Angelica Schuyler POV

I sit alone in my dorm. Eli and Pegs went out somewhere or another for who knows what. I'm very drunk.
I wasn't always like this. Before coming here I was happy and full of life. It's draining. Especially knowing your gonna die alone. Seeing other people happy makes me unbearably unhappy.

Bottle number two of the vodka I bought cheaply from a Walmart. Only the best.

I wish my life was simple. I don't cry over guys. That's not me.

I lay on my bed holding my pillow. My vision is blurry and I feel like I'm gonna be sick. Why do I do these things to myself?
I grab the bottle and take a swig, tears falling down my face.
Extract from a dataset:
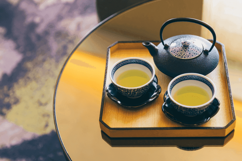 一流ホテルなどでしか味わえないロンネフェルト社の紅茶を片手にホッとひと息。「ホテルの外に出なくても、京都の名店を体験できるなんてお得だね」とこっそり微笑み合う。
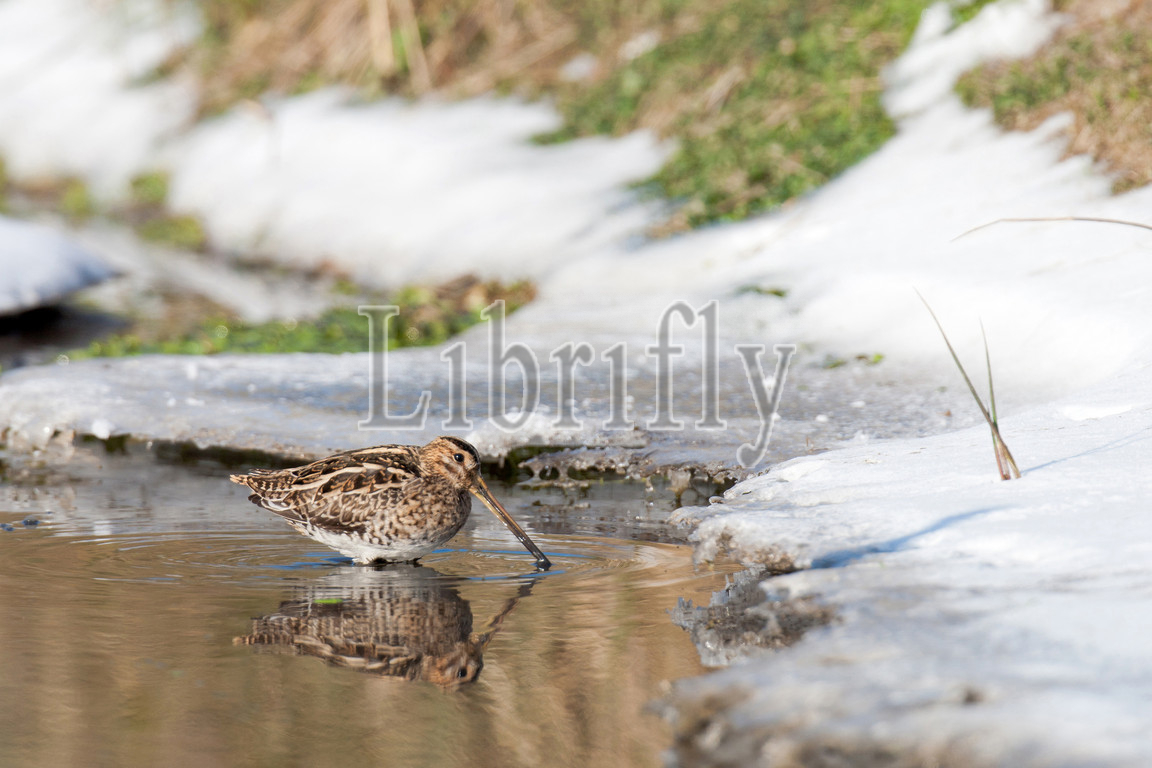Common Snipe foraging in open water, Gallinago gallinago

"Alex, hurry up we need to leave if we're gonna make it in time."
"With you I have all the time in the world."

Alexander and John's muffled voices make me start to cry again. I start crying and then throw up in a box.

I HATE THEM AS A COUPLE.

Alexander should be with me. We're soulmates. I stumble to the cupboard easing every breath, shaking as I grab there spare key.

The hallway is quiet and I unlock the door.

Johns phone is on the table.

I type his passcode and scroll through his contacts.

Henry Laurens.

*voicemail*

"Hello.. sir. Your son John is dating Alexander Hamilton."